- THE PROBLEM
All of the data should be output character for character, except the pictures.

--- SUPPLIED INFORMATION Enclosed Below ---

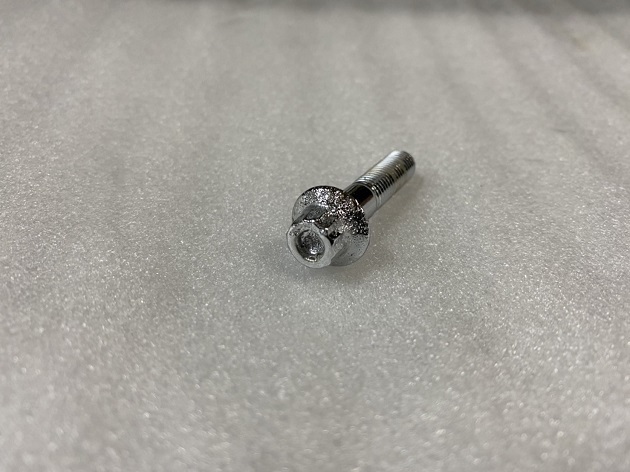 再クロームメッキ加工時は、元々のメッキ層を剥離し、ある程度は素地を研磨で整えますが、あまり研磨し過ぎると小さい物なので、形が変わってしまいますし、頭の工具のかかるギザギザも無くなってしまいますので、必要以上に研磨する事は出来ません。
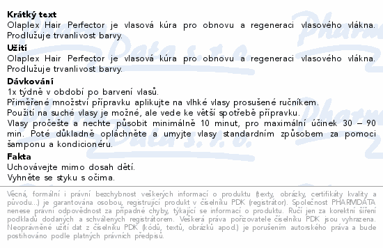 Olaplex Hair Perfector je vlasová kúra pro obnovu a regeneraci vlasového vlákna. Prodlužuje trvanlivost barvy.
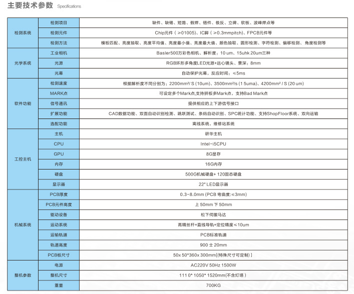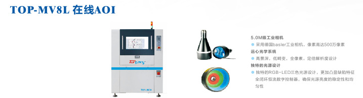 TOP-MV8L在線型AOI 采用德國Basler工業(yè)相機(jī),像素高達(dá)500萬像素。高景深,低畸變,全像素,定倍解析設(shè)計(jì)。

--- End of Enclosed SUPPLIED INFORMATION ---

- RESPONSE TO THE EXERCISE
 再クロームメッキ加工時は、元々のメッキ層を剥離し、ある程度は素地を研磨で整えますが、あまり研磨し過ぎると小さい物なので、形が変わってしまいますし、頭の工具のかかるギザギザも無くなってしまいますので、必要以上に研磨する事は出来ません。
 Olaplex Hair Perfector je vlasová kúra pro obnovu a regeneraci vlasového vlákna. Prodlužuje trvanlivost barvy.
 TOP-MV8L在線型AOI 采用德國Basler工業(yè)相機(jī),像素高達(dá)500萬像素。高景深,低畸變,全像素,定倍解析設(shè)計(jì)。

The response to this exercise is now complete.